What is expected: Copy all lines below exactly as written. Leave pictures out.

Data items
------------------------------

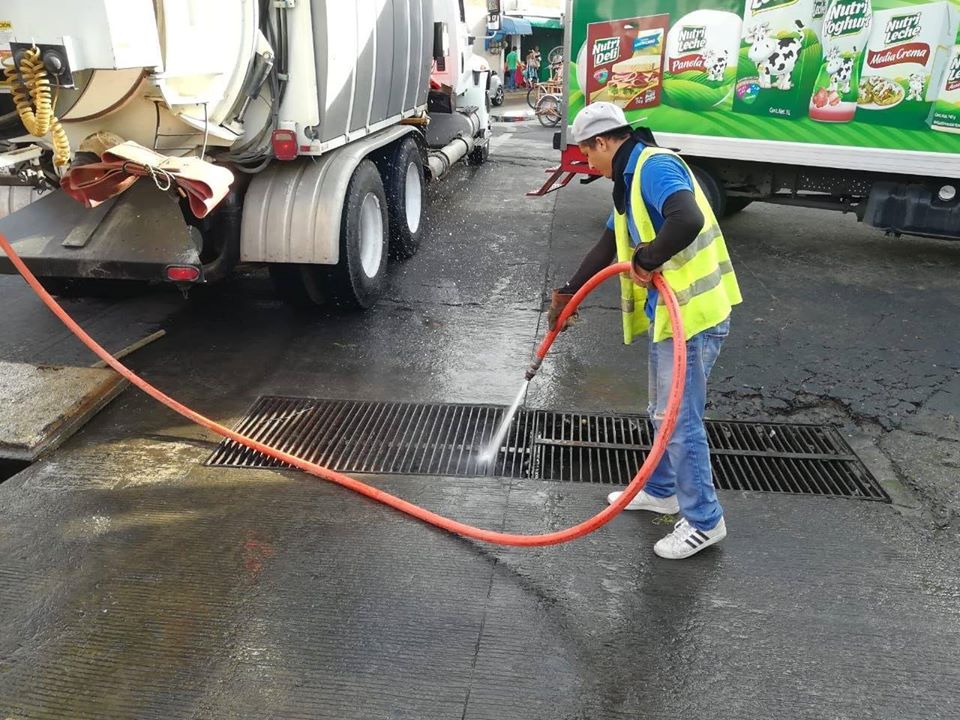Realizamos limpieza de pozos de visita y rampa en la zona del mercado municipal Benito Juárez, retirando el azolve por desechos sólidos y grasas que impedían el flujo y generan mal olor en la zona.
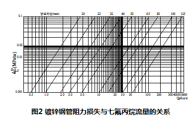 本款中所列(3.3.15-5)式和图2用于镀锌钢管七氟丙烷管流的阻力损失计算;当系统管道采用不锈钢管时,其阻力损失计算可参考使用。
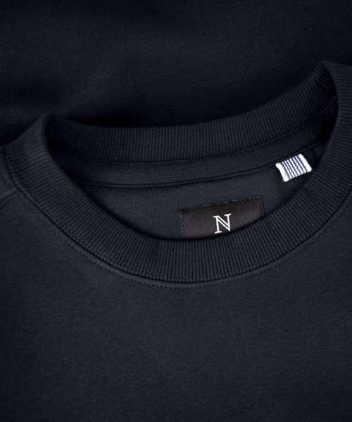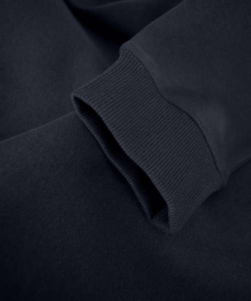 DETAILS: Combed long-staple organic cotton. Brushed fleece lining with short-shave treatment. Forwarded shoulder seems. Ribbed collar, hem and sleeves. Organic cotton. Recycled polyester.
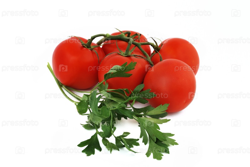 Гроздь томата и петрушки, изолированная на белом фоне
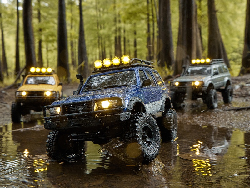 Der FCX18 Toyota LC80 ist ein offiziell lizensierter Crawler im Maßstab 1:18. Der Scaler kommt inklusive 2-Gang-Getrieb, eingebauter Elektronik, integrierter Beleuchtung, Fernsteuerung und Akku fahrfertig aus der Box.
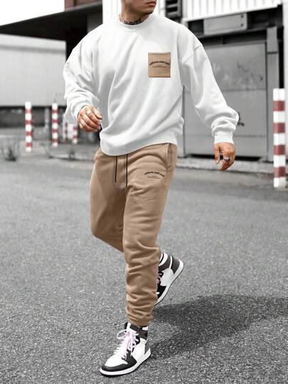 Manfinity Homme 男士字母圖案運動衫&腰部抽繩衛褲

------------------------------

Output for this exercise:
Realizamos limpieza de pozos de visita y rampa en la zona del mercado municipal Benito Juárez, retirando el azolve por desechos sólidos y grasas que impedían el flujo y generan mal olor en la zona.
 本款中所列(3.3.15-5)式和图2用于镀锌钢管七氟丙烷管流的阻力损失计算;当系统管道采用不锈钢管时,其阻力损失计算可参考使用。
 DETAILS: Combed long-staple organic cotton. Brushed fleece lining with short-shave treatment. Forwarded shoulder seems. Ribbed collar, hem and sleeves. Organic cotton. Recycled polyester.
 Гроздь томата и петрушки, изолированная на белом фоне
 Der FCX18 Toyota LC80 ist ein offiziell lizensierter Crawler im Maßstab 1:18. Der Scaler kommt inklusive 2-Gang-Getrieb, eingebauter Elektronik, integrierter Beleuchtung, Fernsteuerung und Akku fahrfertig aus der Box.
 Manfinity Homme 男士字母圖案運動衫&腰部抽繩衛褲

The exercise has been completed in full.